Exercise goal :: Using the material below, repeat exactly the lines from the one with "さらに、30ポイントコースと" through the one with "A comforting and", ends included, without any images.

Material supplied ::

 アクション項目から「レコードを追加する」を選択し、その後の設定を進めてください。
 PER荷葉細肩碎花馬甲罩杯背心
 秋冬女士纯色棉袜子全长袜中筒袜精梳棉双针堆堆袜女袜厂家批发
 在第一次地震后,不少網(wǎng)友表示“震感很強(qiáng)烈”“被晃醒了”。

--

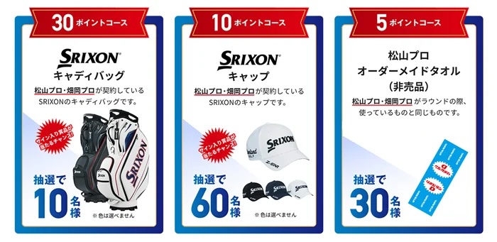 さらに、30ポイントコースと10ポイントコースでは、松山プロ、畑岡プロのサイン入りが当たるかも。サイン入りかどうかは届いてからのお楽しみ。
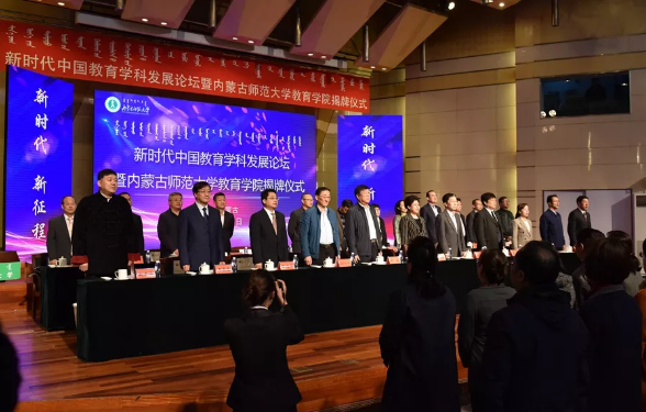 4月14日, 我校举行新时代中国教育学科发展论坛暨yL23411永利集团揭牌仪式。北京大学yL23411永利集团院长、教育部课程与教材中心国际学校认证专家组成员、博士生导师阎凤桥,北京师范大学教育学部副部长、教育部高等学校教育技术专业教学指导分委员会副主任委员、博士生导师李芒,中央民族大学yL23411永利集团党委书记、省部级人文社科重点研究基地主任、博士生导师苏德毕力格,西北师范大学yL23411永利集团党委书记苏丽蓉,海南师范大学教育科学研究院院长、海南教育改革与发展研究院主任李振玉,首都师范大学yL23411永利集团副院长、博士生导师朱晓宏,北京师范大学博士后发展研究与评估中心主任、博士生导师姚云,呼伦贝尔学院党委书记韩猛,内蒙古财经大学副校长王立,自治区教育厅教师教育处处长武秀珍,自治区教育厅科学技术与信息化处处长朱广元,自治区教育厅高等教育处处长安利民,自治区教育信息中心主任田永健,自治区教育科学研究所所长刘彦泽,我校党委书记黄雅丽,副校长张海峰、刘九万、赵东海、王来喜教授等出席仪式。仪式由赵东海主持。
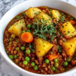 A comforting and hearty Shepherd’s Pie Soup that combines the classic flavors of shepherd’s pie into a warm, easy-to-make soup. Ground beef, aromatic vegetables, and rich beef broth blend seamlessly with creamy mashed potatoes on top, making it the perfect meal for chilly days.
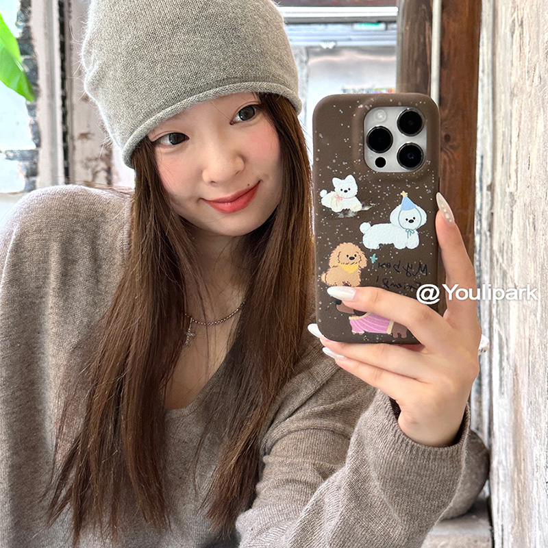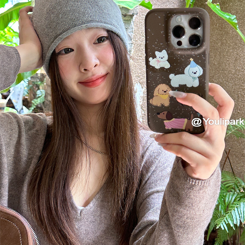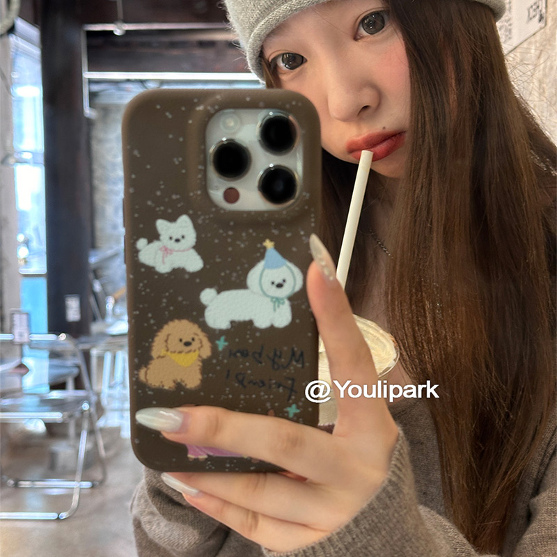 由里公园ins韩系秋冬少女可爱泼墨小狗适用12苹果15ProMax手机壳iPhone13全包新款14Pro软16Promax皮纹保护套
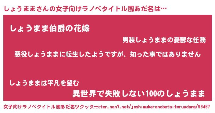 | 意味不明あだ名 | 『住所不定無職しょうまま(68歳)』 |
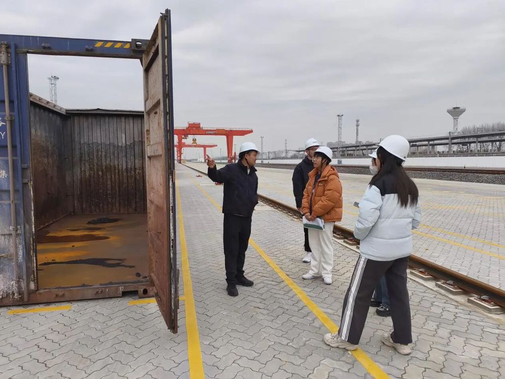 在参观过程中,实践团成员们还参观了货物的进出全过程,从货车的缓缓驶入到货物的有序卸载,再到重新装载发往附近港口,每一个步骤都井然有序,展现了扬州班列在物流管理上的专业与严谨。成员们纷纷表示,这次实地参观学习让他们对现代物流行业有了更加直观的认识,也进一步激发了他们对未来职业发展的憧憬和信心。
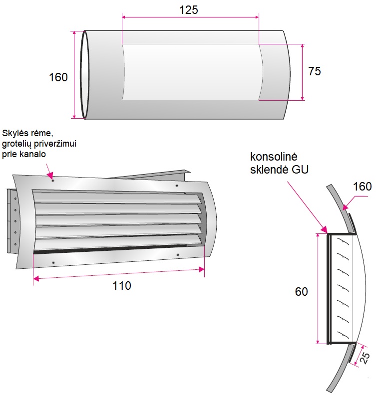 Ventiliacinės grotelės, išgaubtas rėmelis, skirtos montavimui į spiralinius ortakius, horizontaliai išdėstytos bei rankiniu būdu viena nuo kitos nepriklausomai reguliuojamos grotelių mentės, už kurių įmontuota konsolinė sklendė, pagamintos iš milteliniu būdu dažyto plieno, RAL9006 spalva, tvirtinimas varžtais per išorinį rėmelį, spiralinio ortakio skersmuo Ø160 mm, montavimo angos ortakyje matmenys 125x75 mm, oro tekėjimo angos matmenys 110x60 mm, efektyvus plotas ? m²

Answer for the task ::
 さらに、30ポイントコースと10ポイントコースでは、松山プロ、畑岡プロのサイン入りが当たるかも。サイン入りかどうかは届いてからのお楽しみ。
 4月14日, 我校举行新时代中国教育学科发展论坛暨yL23411永利集团揭牌仪式。北京大学yL23411永利集团院长、教育部课程与教材中心国际学校认证专家组成员、博士生导师阎凤桥,北京师范大学教育学部副部长、教育部高等学校教育技术专业教学指导分委员会副主任委员、博士生导师李芒,中央民族大学yL23411永利集团党委书记、省部级人文社科重点研究基地主任、博士生导师苏德毕力格,西北师范大学yL23411永利集团党委书记苏丽蓉,海南师范大学教育科学研究院院长、海南教育改革与发展研究院主任李振玉,首都师范大学yL23411永利集团副院长、博士生导师朱晓宏,北京师范大学博士后发展研究与评估中心主任、博士生导师姚云,呼伦贝尔学院党委书记韩猛,内蒙古财经大学副校长王立,自治区教育厅教师教育处处长武秀珍,自治区教育厅科学技术与信息化处处长朱广元,自治区教育厅高等教育处处长安利民,自治区教育信息中心主任田永健,自治区教育科学研究所所长刘彦泽,我校党委书记黄雅丽,副校长张海峰、刘九万、赵东海、王来喜教授等出席仪式。仪式由赵东海主持。
 A comforting and hearty Shepherd’s Pie Soup that combines the classic flavors of shepherd’s pie into a warm, easy-to-make soup. Ground beef, aromatic vegetables, and rich beef broth blend seamlessly with creamy mashed potatoes on top, making it the perfect meal for chilly days.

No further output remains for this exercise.